## WHAT YOU NEED TO DO
Set down, exactly as they stand, the lines from the one containing "maansteen, parel, kwarts" through the last line of the records below, leaving every picture out.

(Source records)

::::::::::

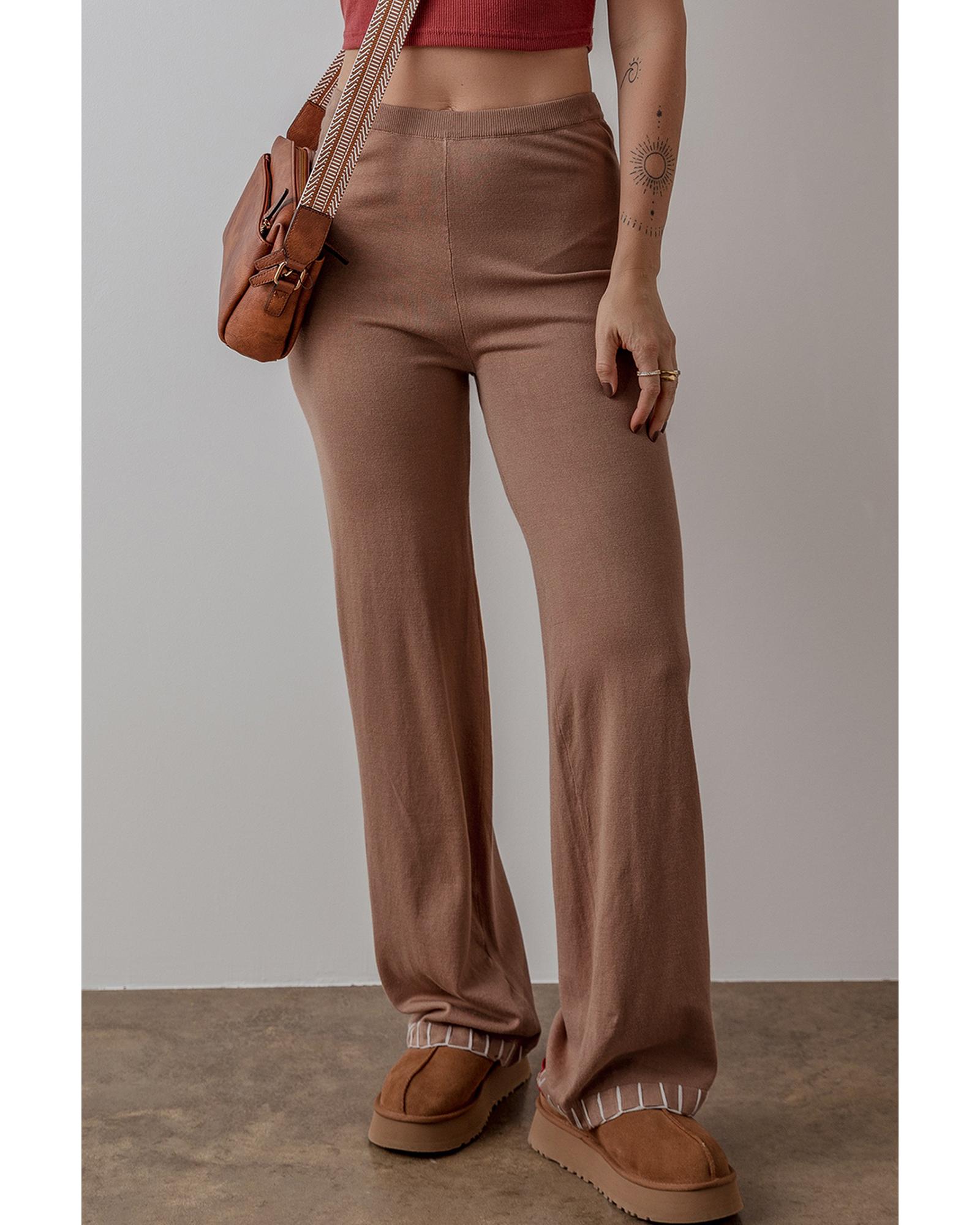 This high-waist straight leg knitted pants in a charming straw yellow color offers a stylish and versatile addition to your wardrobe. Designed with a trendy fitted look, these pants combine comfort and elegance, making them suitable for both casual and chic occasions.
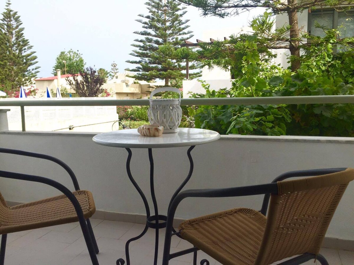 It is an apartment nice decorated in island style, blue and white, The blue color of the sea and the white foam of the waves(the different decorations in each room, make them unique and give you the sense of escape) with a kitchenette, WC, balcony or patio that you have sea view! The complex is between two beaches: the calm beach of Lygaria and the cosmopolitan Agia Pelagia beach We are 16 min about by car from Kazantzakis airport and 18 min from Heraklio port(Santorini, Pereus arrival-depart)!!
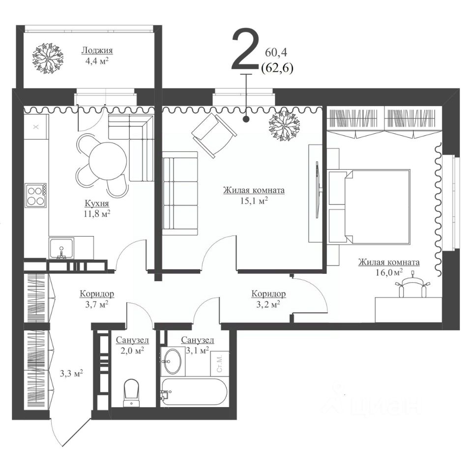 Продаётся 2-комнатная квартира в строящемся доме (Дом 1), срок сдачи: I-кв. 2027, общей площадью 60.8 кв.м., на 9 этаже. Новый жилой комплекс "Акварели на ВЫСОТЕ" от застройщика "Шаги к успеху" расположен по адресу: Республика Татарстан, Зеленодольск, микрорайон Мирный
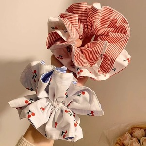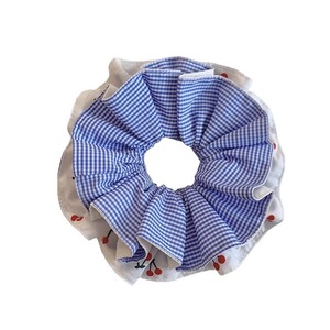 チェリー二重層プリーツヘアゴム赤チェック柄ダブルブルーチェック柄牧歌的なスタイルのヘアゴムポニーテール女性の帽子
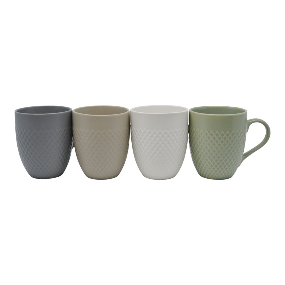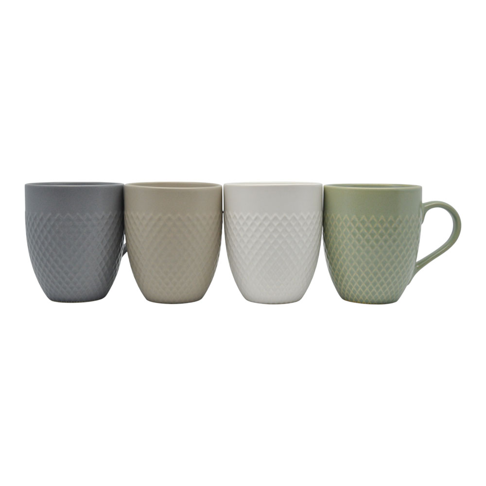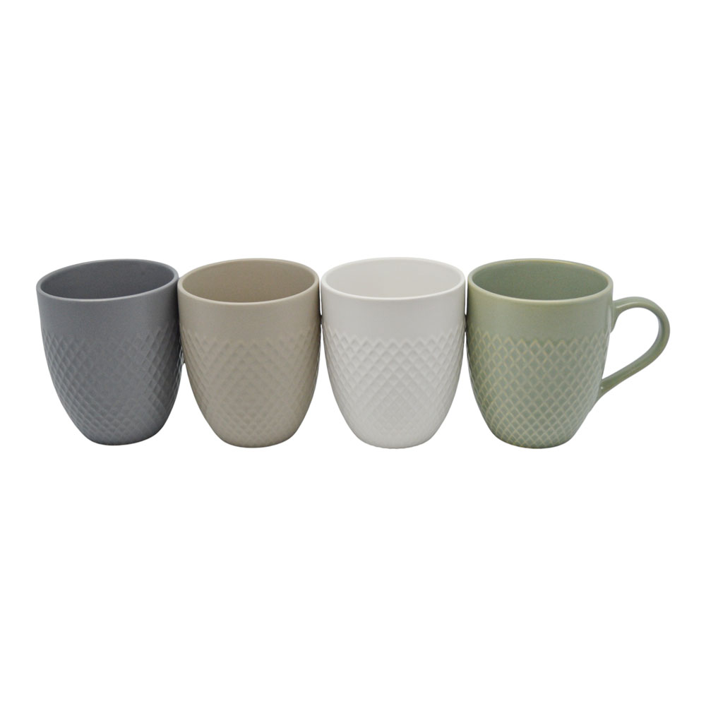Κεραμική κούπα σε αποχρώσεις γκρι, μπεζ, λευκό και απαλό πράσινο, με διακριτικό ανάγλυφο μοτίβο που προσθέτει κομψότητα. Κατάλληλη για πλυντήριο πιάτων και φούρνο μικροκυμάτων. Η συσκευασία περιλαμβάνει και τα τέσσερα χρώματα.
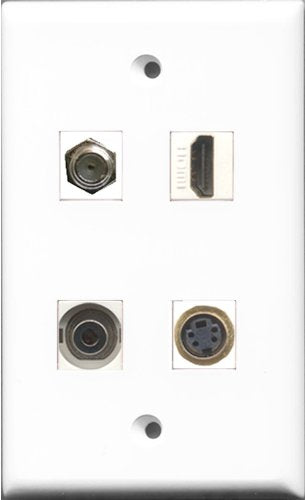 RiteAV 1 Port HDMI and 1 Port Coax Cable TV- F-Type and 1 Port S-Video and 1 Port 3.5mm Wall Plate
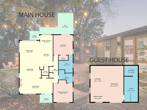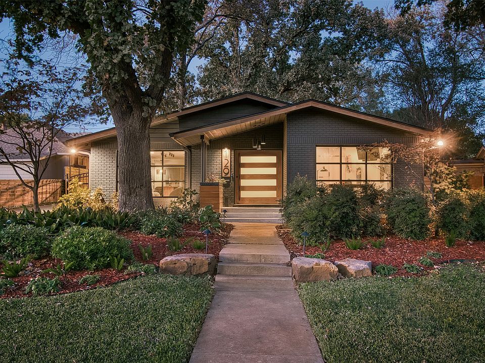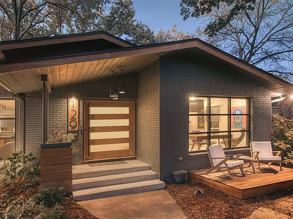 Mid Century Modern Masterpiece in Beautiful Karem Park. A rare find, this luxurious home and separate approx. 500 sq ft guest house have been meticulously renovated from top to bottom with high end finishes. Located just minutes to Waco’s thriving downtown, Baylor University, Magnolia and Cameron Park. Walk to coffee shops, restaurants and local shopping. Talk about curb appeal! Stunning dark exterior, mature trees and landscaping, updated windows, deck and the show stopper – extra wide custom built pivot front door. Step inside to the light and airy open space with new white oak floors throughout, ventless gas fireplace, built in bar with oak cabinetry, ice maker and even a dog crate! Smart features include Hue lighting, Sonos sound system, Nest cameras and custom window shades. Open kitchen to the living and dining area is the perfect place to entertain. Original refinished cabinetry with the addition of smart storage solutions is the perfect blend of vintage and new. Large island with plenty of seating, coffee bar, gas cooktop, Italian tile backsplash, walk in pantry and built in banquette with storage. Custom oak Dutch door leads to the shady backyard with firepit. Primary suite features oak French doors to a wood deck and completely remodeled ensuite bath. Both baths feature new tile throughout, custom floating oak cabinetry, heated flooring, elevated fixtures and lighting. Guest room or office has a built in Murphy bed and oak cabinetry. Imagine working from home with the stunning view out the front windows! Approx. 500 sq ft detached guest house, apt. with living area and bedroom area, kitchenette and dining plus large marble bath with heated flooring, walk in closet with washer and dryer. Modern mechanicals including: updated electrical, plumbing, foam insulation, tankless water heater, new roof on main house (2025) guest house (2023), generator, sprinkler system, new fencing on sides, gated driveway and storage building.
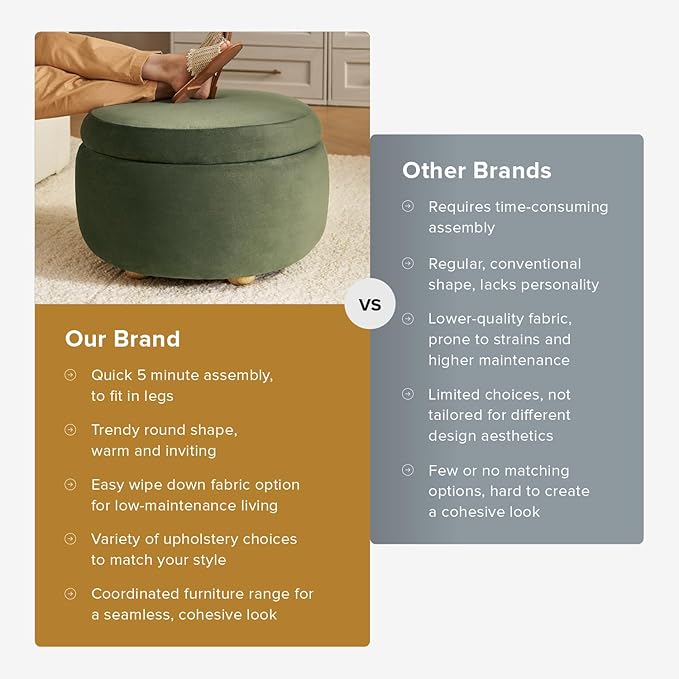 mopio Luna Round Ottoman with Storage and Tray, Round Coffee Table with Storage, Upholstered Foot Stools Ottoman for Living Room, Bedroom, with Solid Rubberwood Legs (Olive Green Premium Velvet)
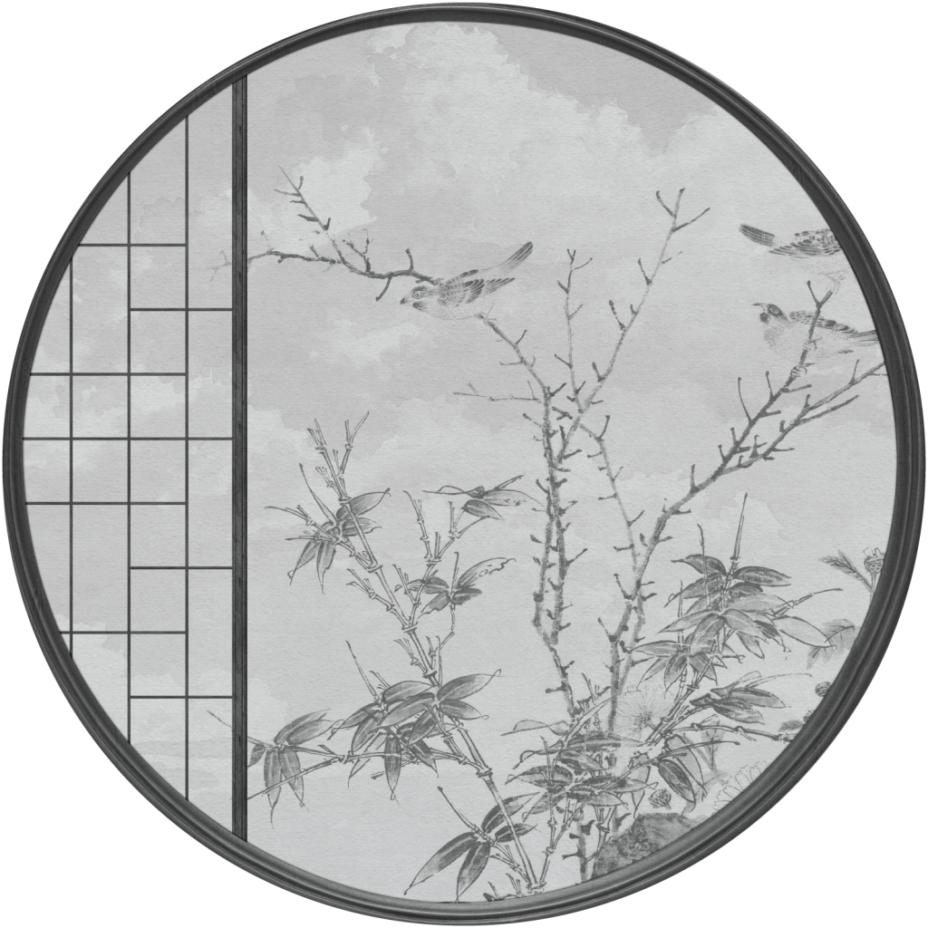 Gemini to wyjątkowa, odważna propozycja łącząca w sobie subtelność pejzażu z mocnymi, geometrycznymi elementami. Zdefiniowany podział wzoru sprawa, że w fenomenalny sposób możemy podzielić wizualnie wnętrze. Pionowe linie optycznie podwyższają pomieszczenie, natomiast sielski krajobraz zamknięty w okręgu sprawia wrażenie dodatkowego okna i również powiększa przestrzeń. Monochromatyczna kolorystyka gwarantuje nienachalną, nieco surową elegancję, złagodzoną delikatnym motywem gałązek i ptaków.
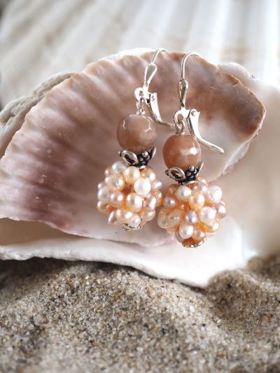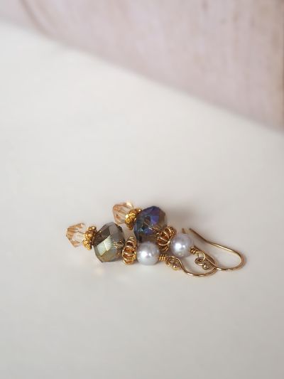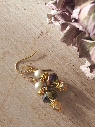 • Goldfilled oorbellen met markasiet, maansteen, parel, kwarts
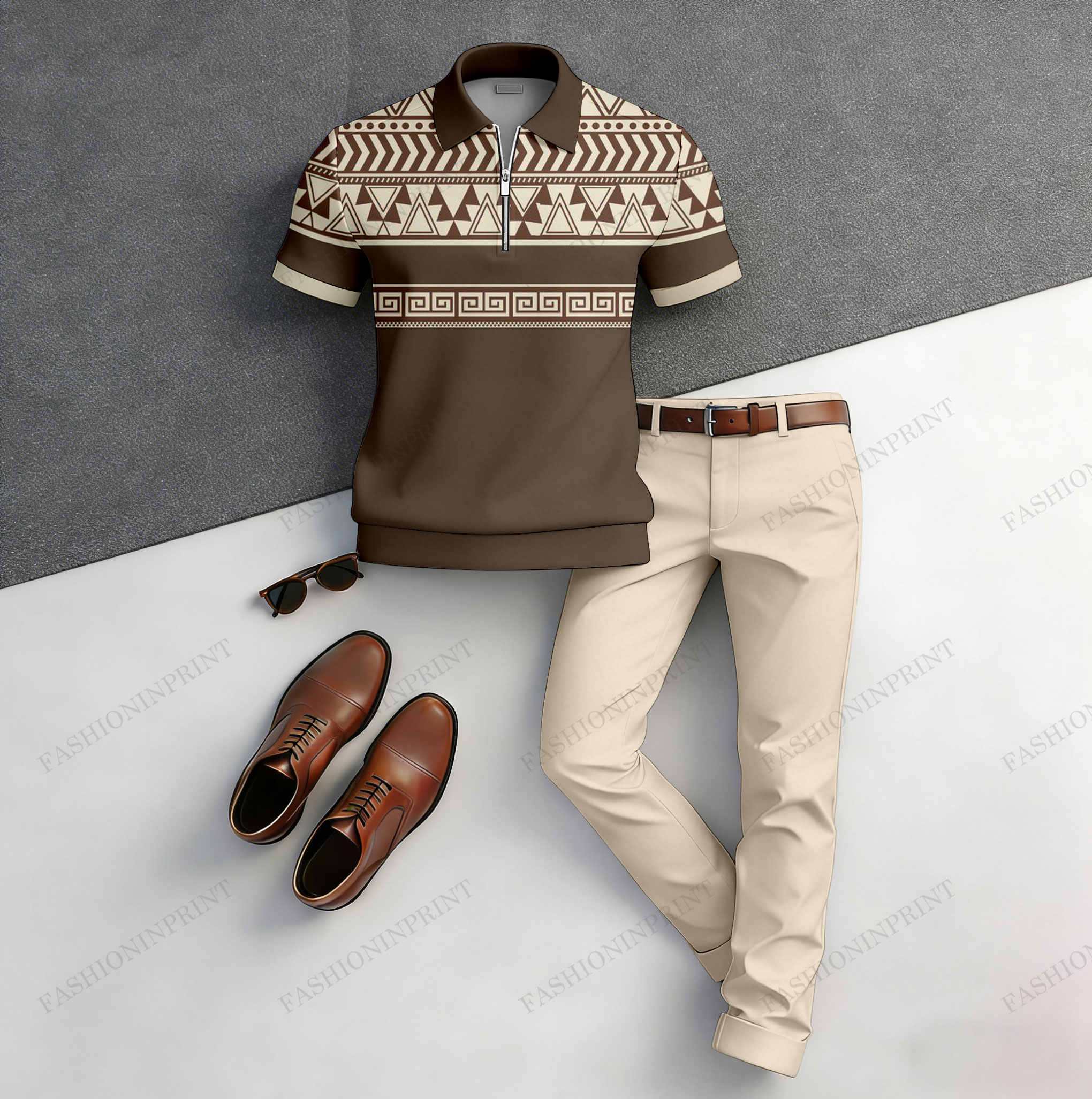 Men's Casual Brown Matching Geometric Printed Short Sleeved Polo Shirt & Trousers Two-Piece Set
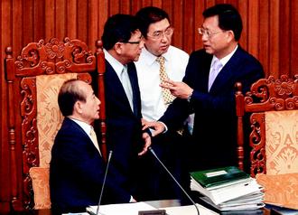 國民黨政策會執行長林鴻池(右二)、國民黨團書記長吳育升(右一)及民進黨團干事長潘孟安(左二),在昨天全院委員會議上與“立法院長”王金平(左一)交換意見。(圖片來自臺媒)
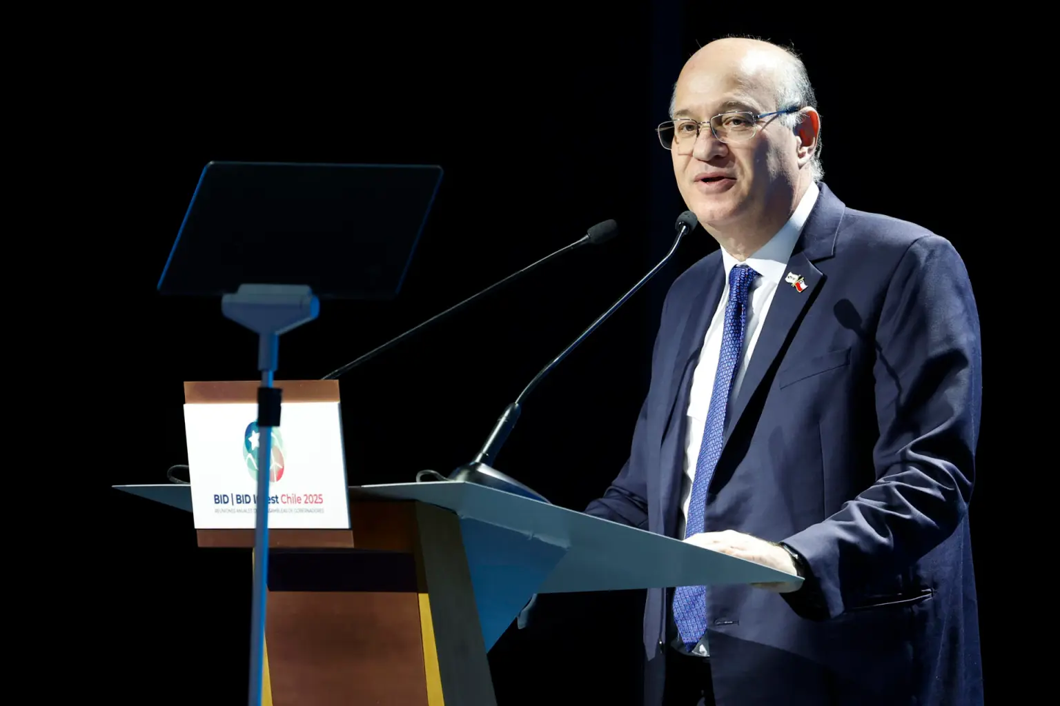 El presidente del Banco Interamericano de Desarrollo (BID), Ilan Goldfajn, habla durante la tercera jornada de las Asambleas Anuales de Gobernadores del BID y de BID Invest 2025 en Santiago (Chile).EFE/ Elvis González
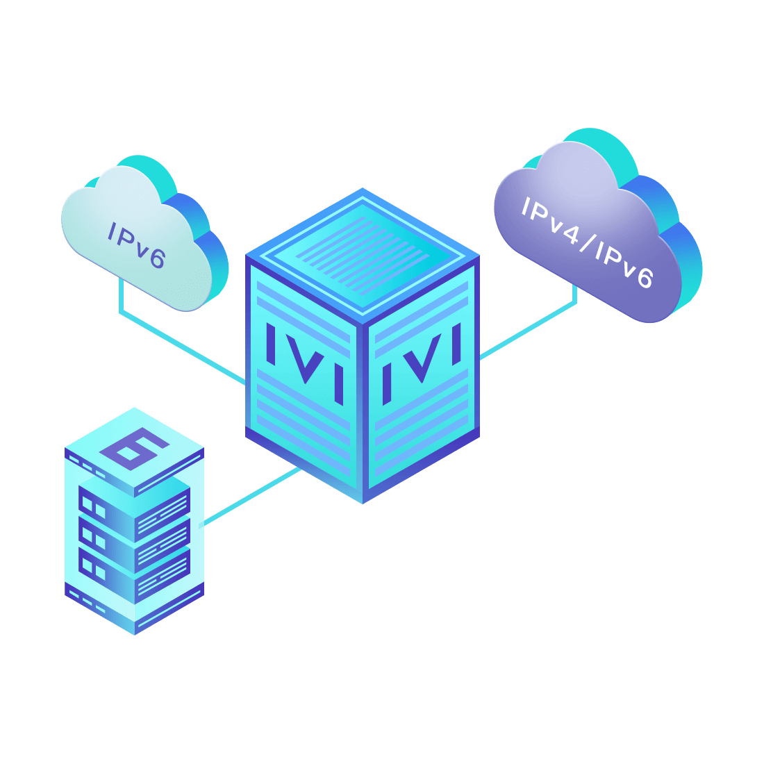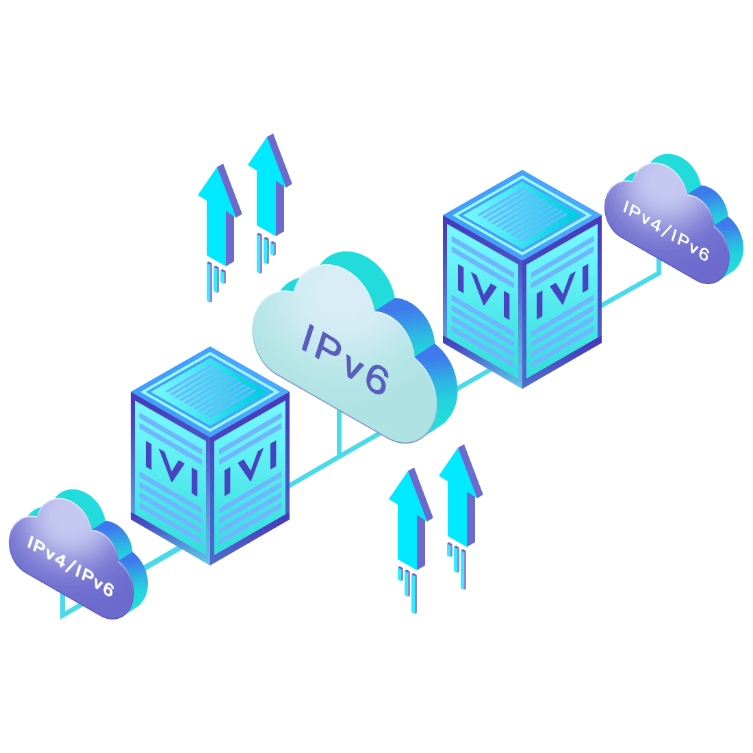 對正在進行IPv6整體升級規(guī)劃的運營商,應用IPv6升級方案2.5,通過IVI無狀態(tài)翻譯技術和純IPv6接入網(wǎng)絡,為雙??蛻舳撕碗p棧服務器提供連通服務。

::::::::::

## FINISHED TASK
 • Goldfilled oorbellen met markasiet, maansteen, parel, kwarts
 Men's Casual Brown Matching Geometric Printed Short Sleeved Polo Shirt & Trousers Two-Piece Set
 國民黨政策會執行長林鴻池(右二)、國民黨團書記長吳育升(右一)及民進黨團干事長潘孟安(左二),在昨天全院委員會議上與“立法院長”王金平(左一)交換意見。(圖片來自臺媒)
 El presidente del Banco Interamericano de Desarrollo (BID), Ilan Goldfajn, habla durante la tercera jornada de las Asambleas Anuales de Gobernadores del BID y de BID Invest 2025 en Santiago (Chile).EFE/ Elvis González
 對正在進行IPv6整體升級規(guī)劃的運營商,應用IPv6升級方案2.5,通過IVI無狀態(tài)翻譯技術和純IPv6接入網(wǎng)絡,為雙??蛻舳撕碗p棧服務器提供連通服務。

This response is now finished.